For purposes of discussion, the system 200 will be described herein
with reference to the implement 10 described above and shown in
FIGS. 1 and 2, the shank assemblies 100 described above and shown
in FIGS. 1-3 and 5, and the field surface contours 156, 156'
described above and shown in FIGS. 4 and 6. However, it should be
appreciated that the disclosed system 200 may generally be utilized
with any suitable implement having any suitable implement
configuration. Additionally, it should be appreciated that
communicative links or electrical couplings of the system 200 shown
in FIG. 7 are indicated by dashed lines.
[0048] As shown, the system 200 includes a controller 202
configured to electronically control the operation of one or more
components of the agricultural implement 10. In general, the
controller 202 may comprise any suitable processor-based device
known in the art, such as a computing device or any suitable
combination of computing devices. Thus, in several embodiments, the
controller 202 may include one or more processor(s) 204, and
associated memory device(s) 206 configured to perform a variety of
computer-implemented functions. As used herein, the term
"processor" refers not only to integrated circuits referred to in
the art as being included in a computer, but also refers to a
controller, a microcontroller, a microcomputer, a programmable
logic circuit (PLC), an application specific integrated circuit,
and other programmable circuits. Additionally, the memory device(s)

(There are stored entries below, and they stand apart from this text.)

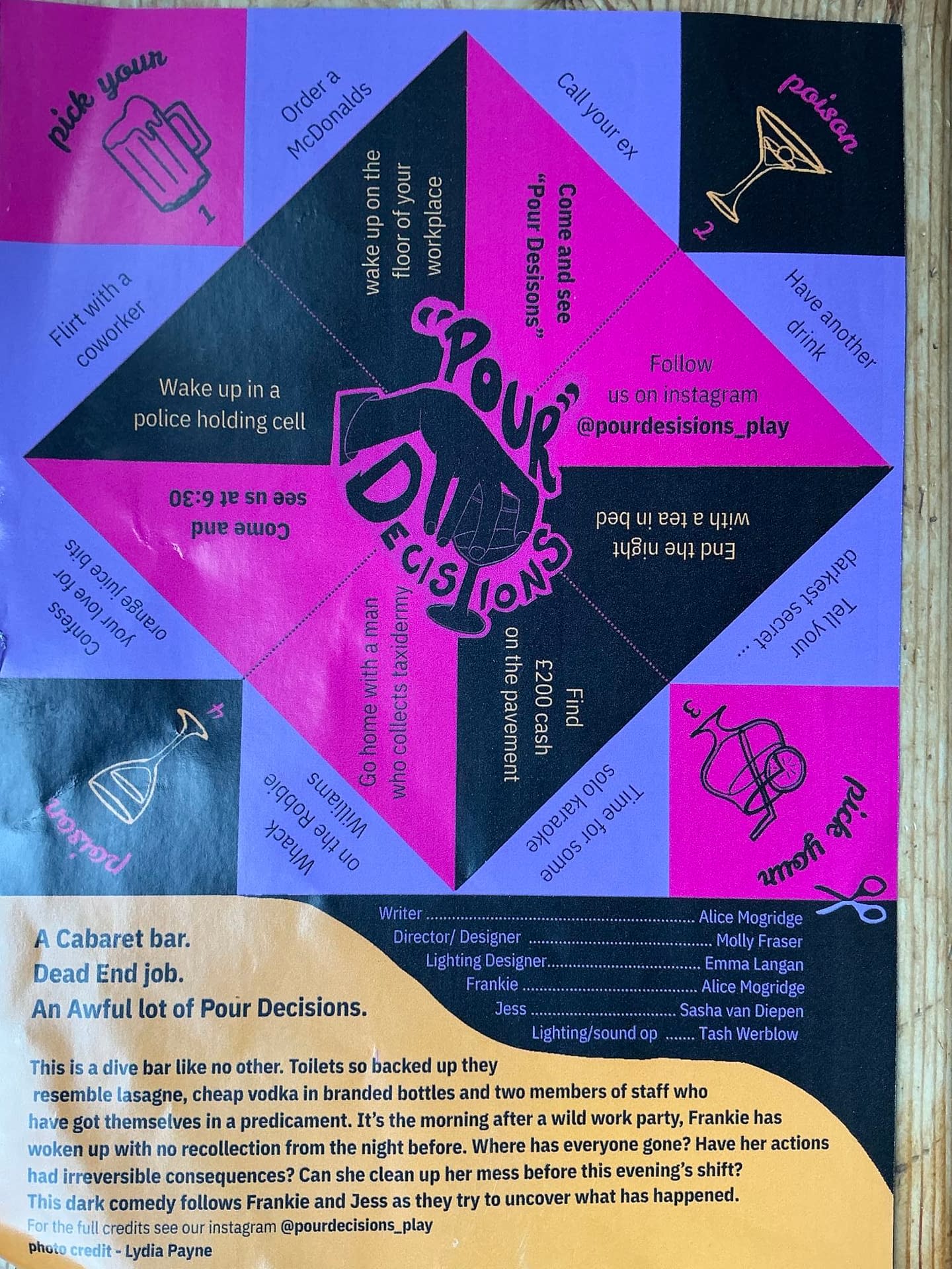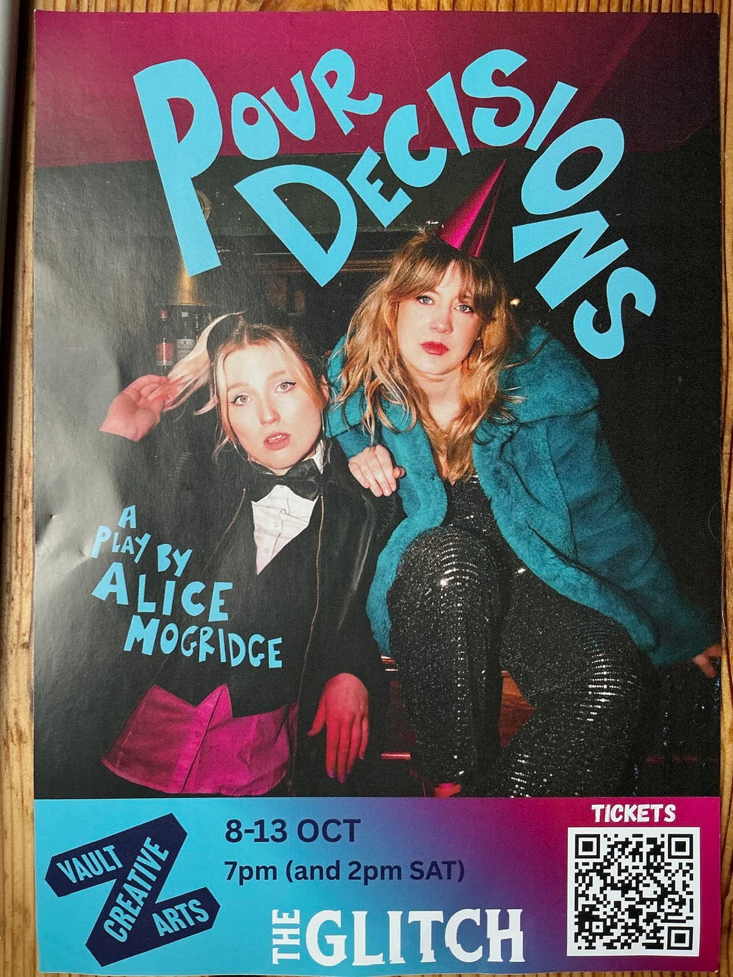 Pour Decisions, written by and starring Alice Mogridge, alongside Sasha Van Diepen, directed and designed by Molly Fraser, lighting design by Emma Langan, lighting and sound operator Tash Werblow, on at The Glitch from the 8th to the 13th of October, 2025. That's today. If you're in London tonight and can make it to the South Bank, this is your last chance. Take it. And bring someone with you. Four stars.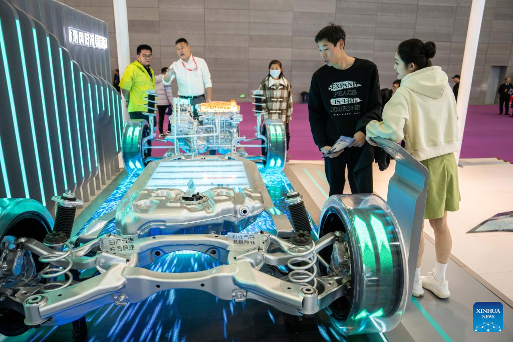 People watch a model of the interior structure of a car during an automobile exposition at the Changsha International Convention and Exhibition Center in Changsha, central China's Hunan Province, Dec. 6, 2023. The 19th China (Changsha) International Automobile Exposition opened here on Wednesday, which gathers products from more than 80 automobile-related brands in an exhibition area of 100,000 square meters. (Xinhua/Chen Sihan)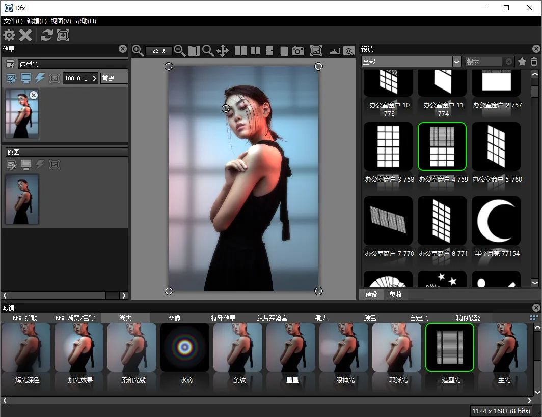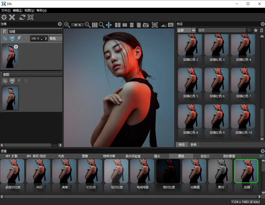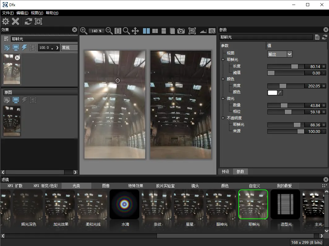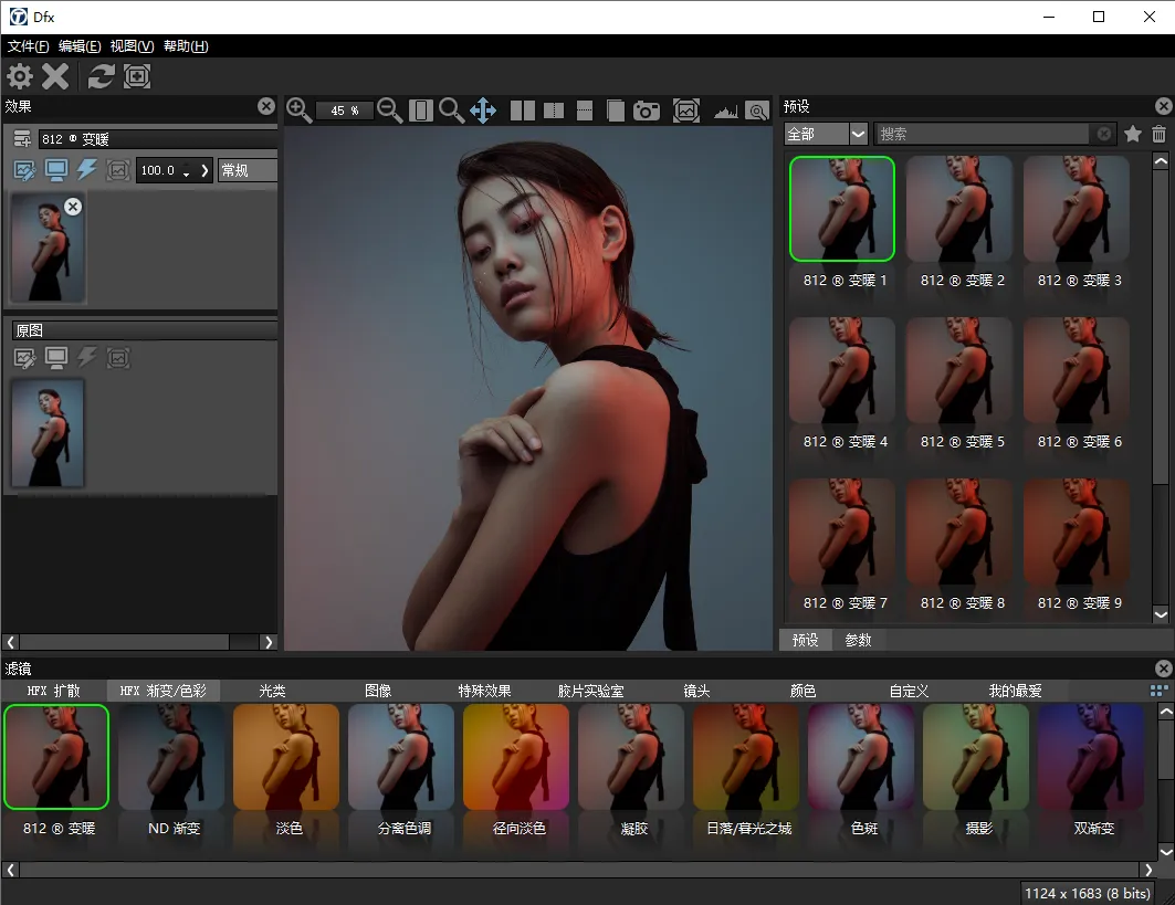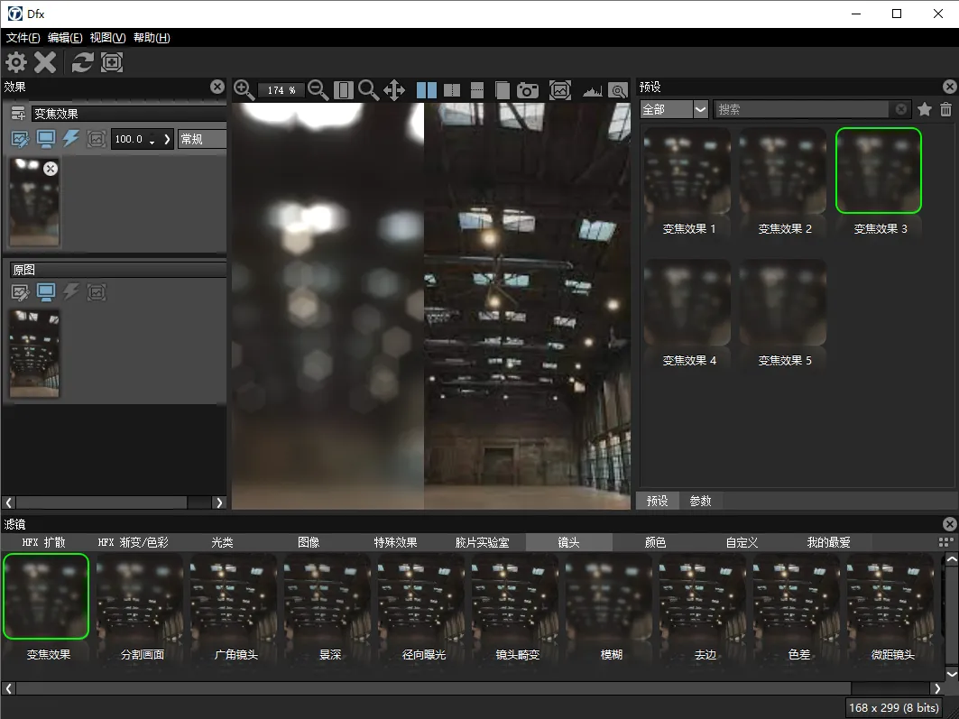 这些滤镜包括:HFX扩散、HFX渐变/色彩、光类、图像、特殊效果、胶片实验室、镜头、颜色等,也可以自定义效果,也可以一键收藏喜欢的滤镜效果,方便下次使用。

206 of the controller 202 may generally comprise memory element(s)
including, but not limited to, a computer readable medium (e.g.,
random access memory RAM)), a computer readable non-volatile medium
(e.g., a flash memory), a floppy disk, a compact disc-read only
memory (CD-ROM), a magneto-optical disk (MOD), a digital versatile
disc (DVD) and/or other suitable memory elements. Such memory
device(s) 206 may generally be configured to store suitable
computer-readable instructions that, when implemented by the
processor(s) 204, configure the controller 202 to perform various
computer-implemented functions, such as one or more aspects of the
methods and algorithms that will be described herein. In addition,
the controller 202 may also include various other suitable
components, such as a communications circuit or module, one or more
input/output channels, a data/control bus and/or the like.

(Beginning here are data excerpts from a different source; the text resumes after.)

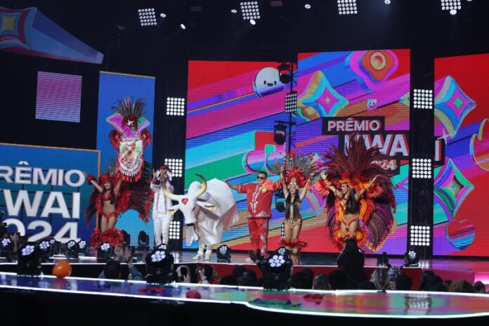 O Boi-Bumbá Garantido foi destaque no Prêmio Kwai 2024, realizado na noite desta quarta-feira (30/10), em São Paulo, com uma apresentação que celebrou a força e a tradição da cultura popular amazônica. Único Bumbá a se apresentar no evento, o Boi do Povão levou ao palco um espetáculo compacto e vibrante, representando o Norte do Brasil e o Festival Folclórico de Parintins.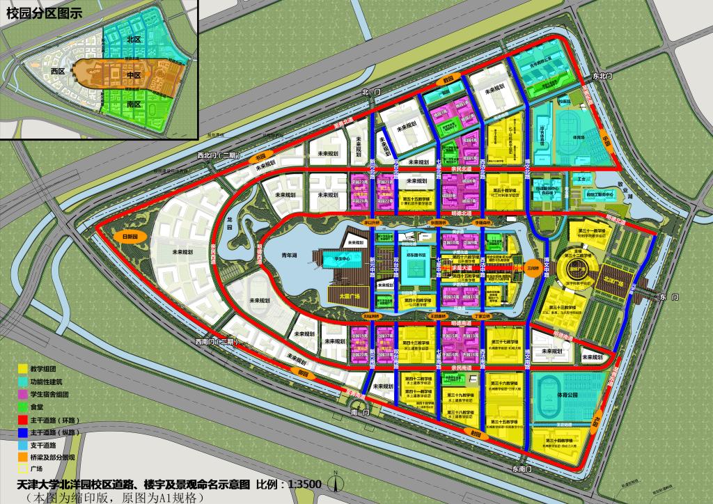 天津大學北洋園校區(qū)總建筑面積130萬平方米,按照“統(tǒng)一規(guī)劃、分期建設、分步實施”的原則建設。一期建設面積90萬余平方米,包括主樓、行政樓、綜合實驗樓、圖書館、體育館、教職工活動中心、學生活動中心及各學科組團等22個組團, 2015年基本建成。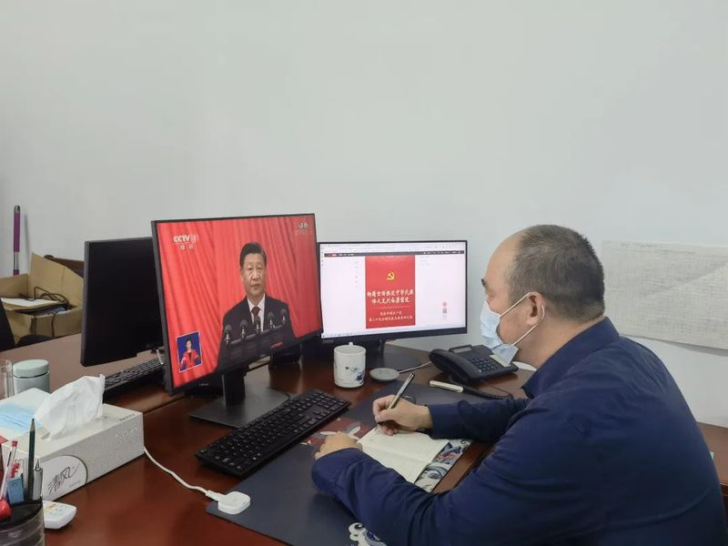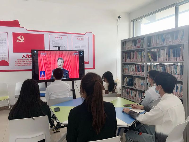 在校园疫情防控的特殊时期,苏州大学沙钢钢铁学院师生仍通过视频号、学习强国app等多种方式,踊跃收看中国共产党第二十次全国代表大会开幕会盛况。同时,我院团委也组织学生骨干在沙钢书屋,认真聆听大会报告,学习党的二十大精神。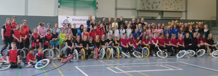Zahlreiche Einradler der Altersklasse unter 15 Jahren aus ganz Schleswig-Holstein führten Ihr Können gemäß den vorgegebenen Kategorien der Trickliste vor.

[0049] It should be appreciated that, in several embodiments, the
controller 202 may correspond to an existing controller of the
agricultural implement 10 and/or of a work vehicle to which the
implement 10 is coupled. However, it should be appreciated that, in
other embodiments, the controller 202 may instead correspond to a
separate processing device. For instance, in one embodiment, the
controller 202 may form all or part of a separate plug-in module
that may be installed within the agricultural implement 10 to allow
for the disclosed system and method to be implemented without
requiring additional software to be uploaded onto existing control
devices of the agricultural implement 10.
[0050] In some embodiments, the controller 202 may include a
communications module or interface 208 to allow for the controller
202 to communicate with any of the various other system components
described herein. For instance, as described above, the controller
202 may, in several embodiments, be configured to receive data
inputs from one or more sensors of the agricultural implement 10
that are used to detect one or more parameters associated with the
status of material accumulation relative to the ground engaging
tools of the implement 10. Particularly, the controller 202 may be
in communication with one or more field surface characteristic
sensors configured to detect one or more parameters associated with
or indicative of material accumulation relative to ground engaging
tools of the implement 10. In one embodiment, the controller 202
may be communicatively coupled to the field surface characteristic
sensor(s) 210 via any suitable connection, such as a wired or
wireless connection, to allow data indicative of material
accumulation relative to ground engaging tools of the implement 10
to be transmitted from the sensor(s) 210 to the controller 202.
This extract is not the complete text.